チャイムを鳴らしてから少しだけ待っていると門の方に美人なお姉さんタイプのお手伝いさんがやってきた。
「すみません彩華お嬢様のお知り合いでしょうか」
「突然押しかけてすみません、篠原彩華さんの友達の川崎俊と言います。今日は篠原さんの忘れ物を届けに来ました」
「まあそうだったのですね、今門を開けるので少し待っててください」
「親切にありがとうございます」
彩華の家のお手伝いさん、久しぶりに見たな。
当たり前だが前に見た時よりも若くなっていて、若い頃は美人な人だったんだなと新たな発見をした。
例のお手伝いさんに門を開けてもらい、そのまま案内されるがままに篠原家へとお邪魔することになった。
「現在当主様、並びに奥様は外出中でして今この屋敷にいるのは彩華お嬢様と私だけになります」
「そうだったのですね。
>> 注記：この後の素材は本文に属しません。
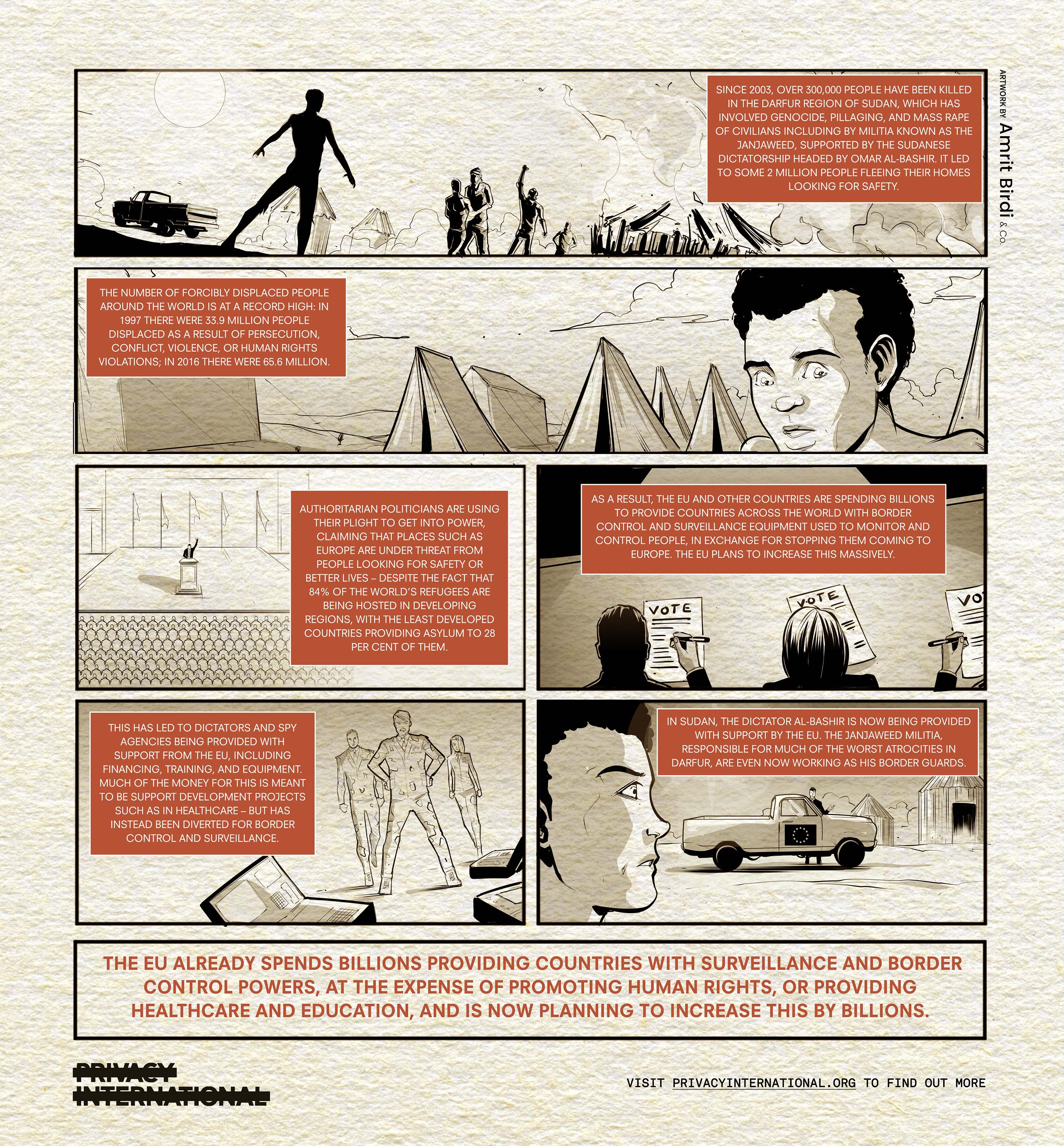 - The EU and individual European countries are already spending billions developing border control and surveillance capabilities in foreign countries, largely to ensure they to deter migration to Europe. For example, the EU is supporting Sudan's leader with tens of millions of Euros aimed at capacity building for border management. The EU is now looking to massively increase its expenditure aimed at building border control and surveillance capabilities globally under the forthcoming Multiannual Financing Framework, which will determine its budget for 2021-2027. Other EU projects include developing the surveillance capabilities of security agencies in Tunisia, Burkina Faso, Somalia and Iraq and elsewhere. European countries such as France, Germany, and the UK are sponsoring surveillance worldwide, for example, providing training and equipment to "Cyber Police Officers" in Ukraine, as well as to agencies in Saudi Arabia, and across Africa.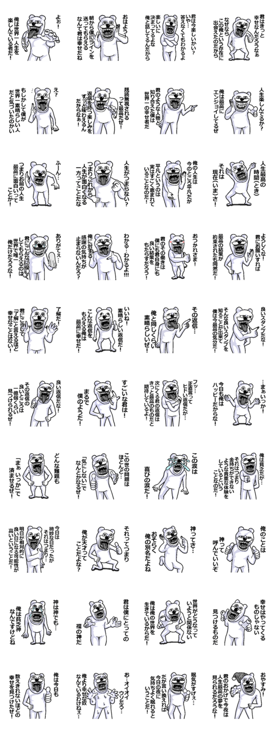 プラス思考のクマのスタンプです。何事も前向きにプラス思考でいればやり過ごせるだろう。ポジティブ。ウザい、キモい、面白い。うざくてきもい動物たちシリーズ。取扱注意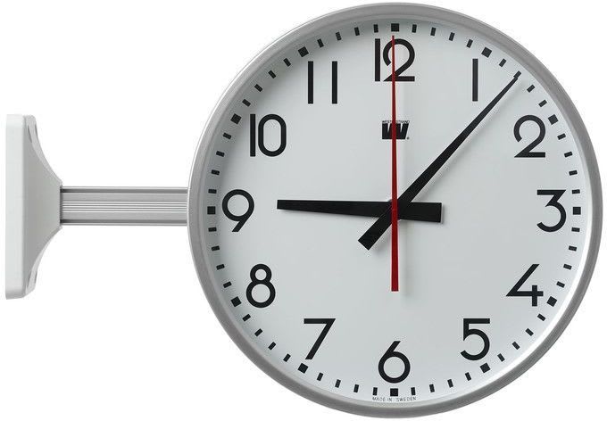 ESMI-min.puls.sivukello sek.osoittimella WE-88733/30 kattovarrella. Elok.alum.kehys. Arab. numerot (1-12) ja lyhyet minuuttiviivat. Kellotaulun halk. 300 mm. Suora suojalasi. Laatikossa 2 kello ja 1 varsi. Varren suunnan (seinä/katto) voi vaihtaa.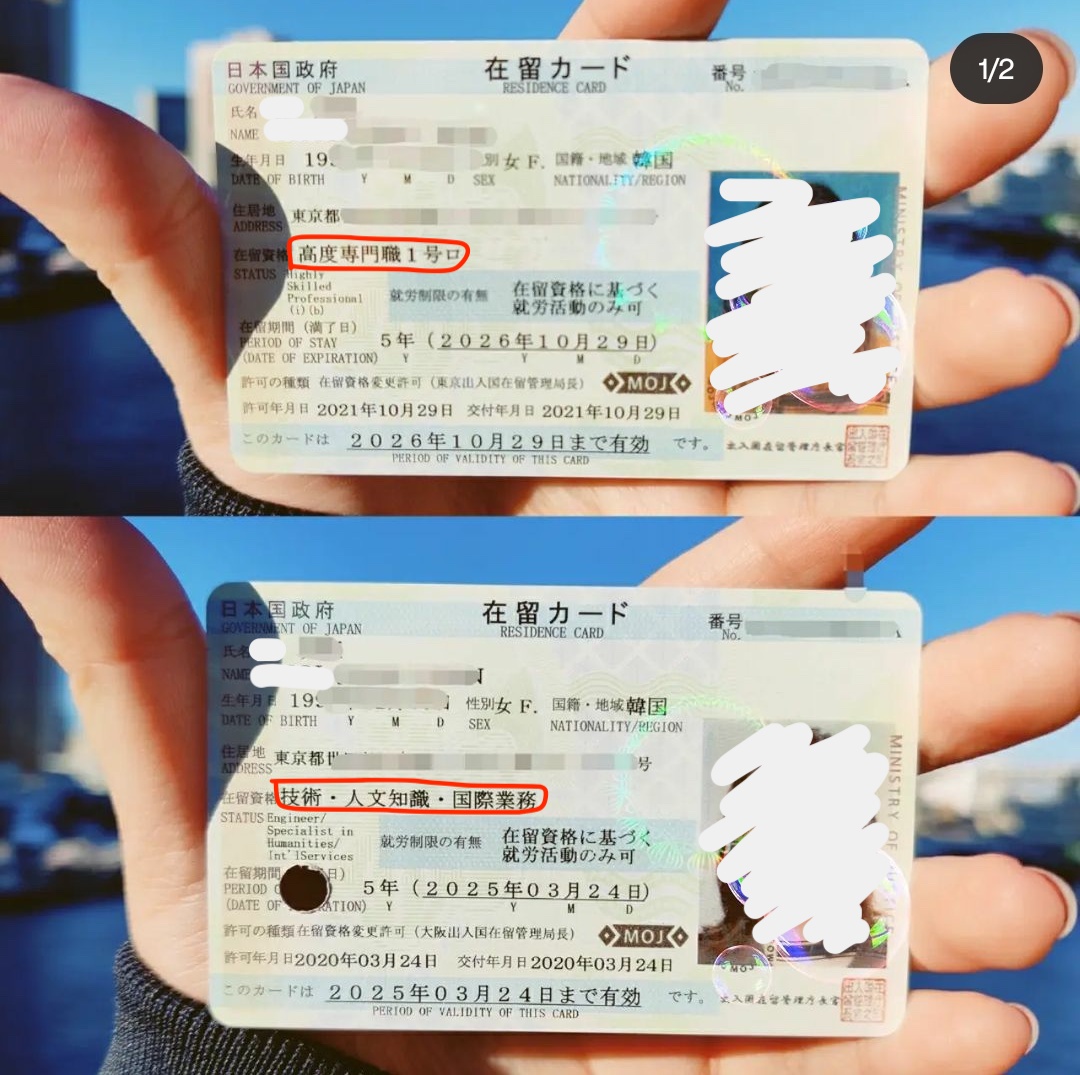저는 일본 IT 기업에 종사하고 있으니 (원래 취업비자 자격도 기술/인문지식/국제업무 였으니. 그리고 웬만한 일본 취업자들은 같은 비자 갖고 있을 거에요) 고도전문직1호 로로 자격을 변경했습니다.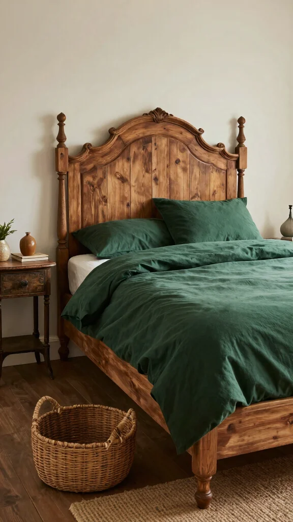 Embrace rustic charm by merging dark green bedding with wooden accents and vintage decor. A wooden headboard set against dark green bedding creates a warm and inviting atmosphere. Layer in soft earth-toned throws and pillows for a cozy retreat that feels welcoming and comfortable.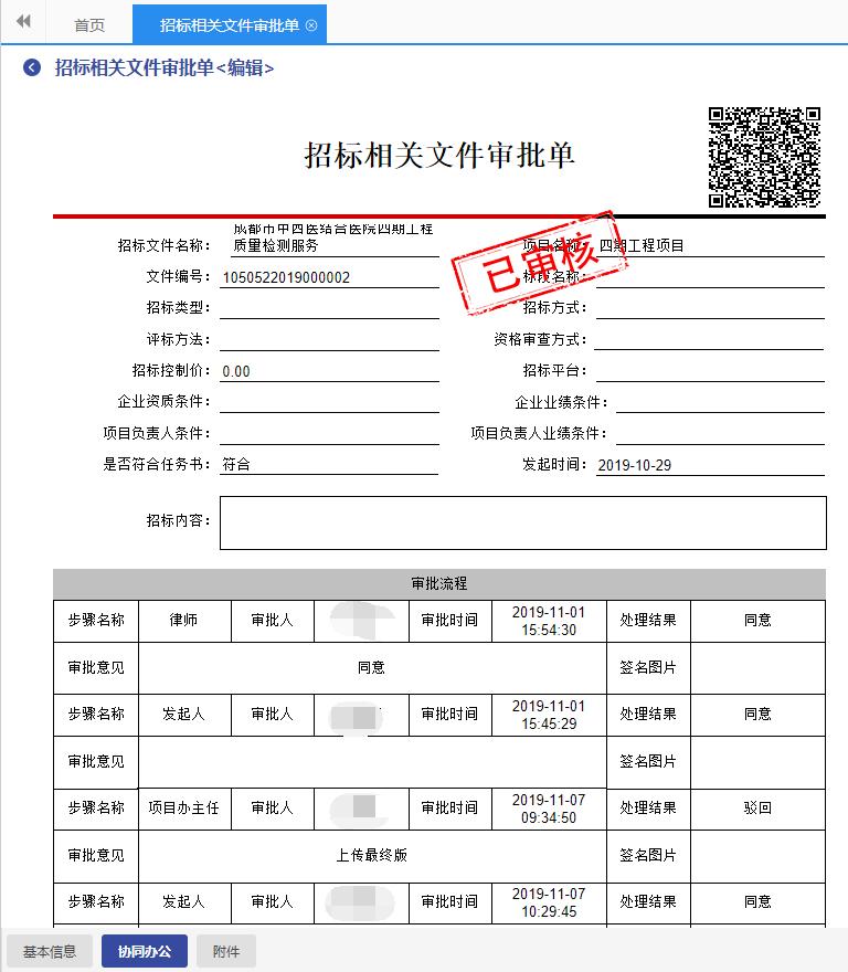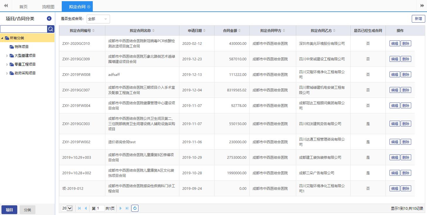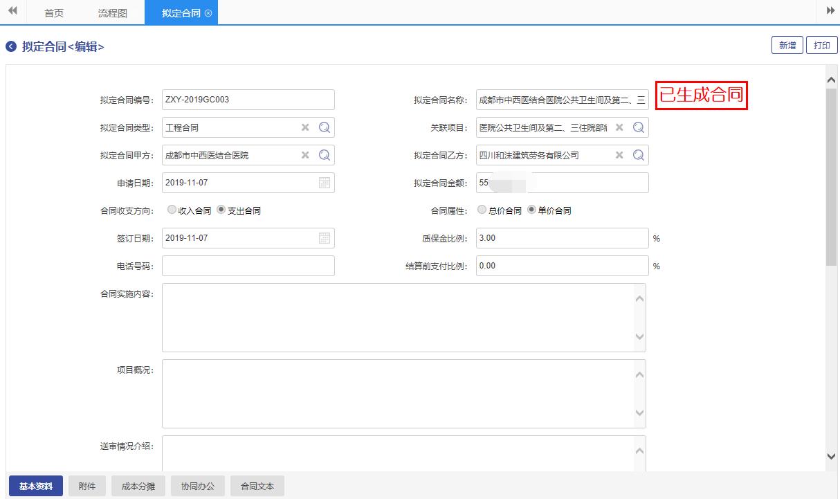供應(yīng)商單位起草合同文本,發(fā)起審批,經(jīng)過項(xiàng)目辦、律師事務(wù)所審批通過后,生成可執(zhí)行的正式合同。
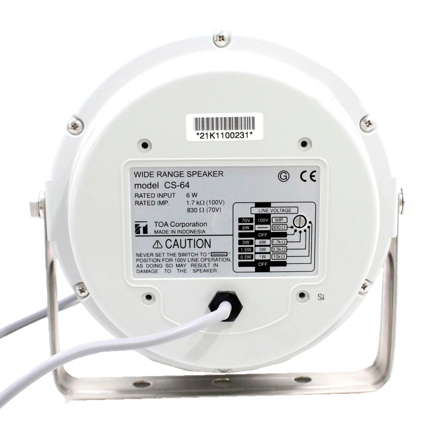 🔹 Impedancia nominal: 100 V: 1.7 kΩ (6 W), 3.3 kΩ (3 W), 10 kΩ (1 W); 70 V: 830 Ω (6 W), 1.7 kΩ (3 W), 3.3 kΩ (1.5 W), 10 kΩ (0.5 W).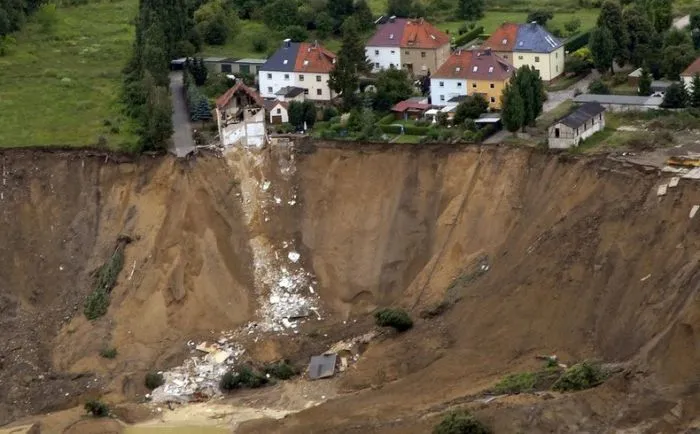 24. Посёлок Нахтерштедт в Германии, 18 июля 2009 года. Там обвалилась дорога и дом, три жителя которого до сих пор числятся пропавшими без вести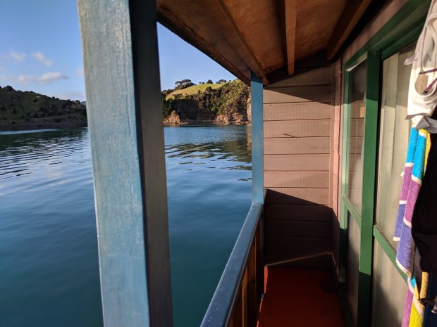 On Saturday, our group boarded a small inflatable speedboat that took us and our belongings to The Rock overnight cruise–a houseboat that was going to take around 40 people deeper into the Bay of Islands for the night.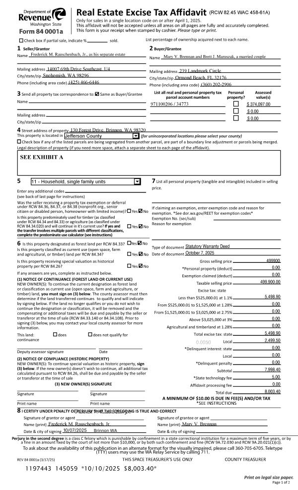 | 1 | 10/07/2025 | SWD | Statutory Warranty Deed | FREDERICK M RAUSCHENBACH JR | MARY V BRENNAN & | | | $499,900.00 | 145059 | |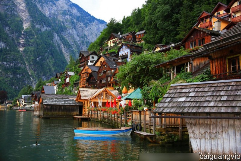哈尔施塔特镇是奥地利上奥地利州萨尔茨卡默古特地区的一个村庄,位于哈尔施塔特湖湖畔。这座在险峻的斜坡和宝石般翡翠的湖泊间伫立的湖畔小镇,到处可见童话般清幽美好的住宅。海拔3000多米的山峰和清澈透底的湖泊,把这个地方变成了人间天堂。住在临湖的庭院旅馆,推窗见湖,遥望湖上泛起清烟,仿佛来到人间仙境,因此这里又被称作“世界上最美的小镇”。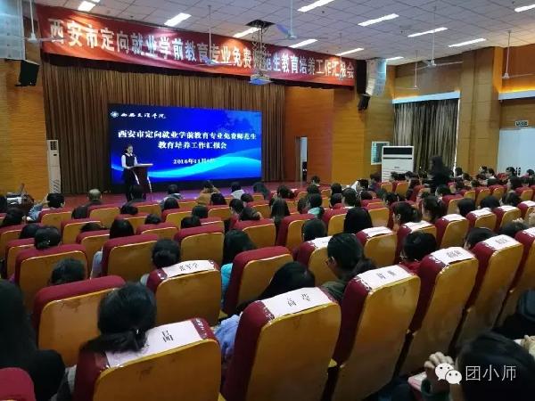 11月9号,公司在A区报告厅召开了西安市定向就业学前教育专业免费师范生教育培养汇报会,市教育局、各区县教育局负责人事的领导,英国365公司官网副董事长韩权,相关职能部门负责人及师范公司领导,2015、2016级的学前教育专业免费师范生三百余人参会。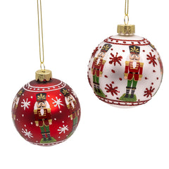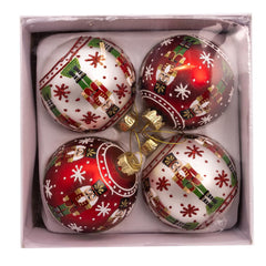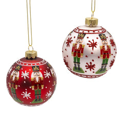 - Kurt Adler's Glass Nutcracker Design Ball Ornaments are exquisite and classic holiday decorations that add a touch of traditional elegance and charm to your Christmas tree or festive display. These red and white glass ball ornaments feature a beloved nutcracker design, a timeless symbol of the holiday season. Each set includes four ornaments, which are divided into two assorted colors. The nutcracker design on these ornaments is finely detailed and beautifully rendered, capturing the essence of this iconic and festive figure. These ornaments are finished with a red and white glittered snowflake pattern to evoke the regal and ornate appearance of traditional nutcrackers. These ball ornaments are made of glass and are typically of a standard 60mm size, making them a perfect choice for decorating a Christmas tree. The assorted colors add a touch of variety and complement each other beautifully when hung on the tree. They are perfect for those who appreciate the timeless and classic elements of Christmas decor. They are a wonderful addition to any Christmas tree and can be displayed year after year, creating a sense of nostalgia and holiday tradition in your home. These ornaments celebrate the magic and heritage of Christmas with their elegant nutcracker design.

できたら挨拶をしたかったのですがまたの機会にさせていただきます」
「川崎さんは高校1年生なのに礼儀正しいですね。さて、こちらの部屋の奥に彩華お嬢様がいらっしゃいます」
そう言って美人なお手伝いさんがノックをして彩華の部屋のドアを開けた。
すると部屋の中で必死な顔をして何かを探している彩華とつい目が合ってしまった。
「なんで川崎君がここに……?」
あからさまにまずそうな表情を浮かべた彩華は頼りない声でそう呟いた。
別に楽譜を忘れて焦って探しているくらいで何も彩華に対する評価は変わらないのに。
「ここにいる理由はこれだな。はいよ、これが探し物でしょ? お嬢様」
そう言って俺は彩華の楽譜をバックから取り出したのだった。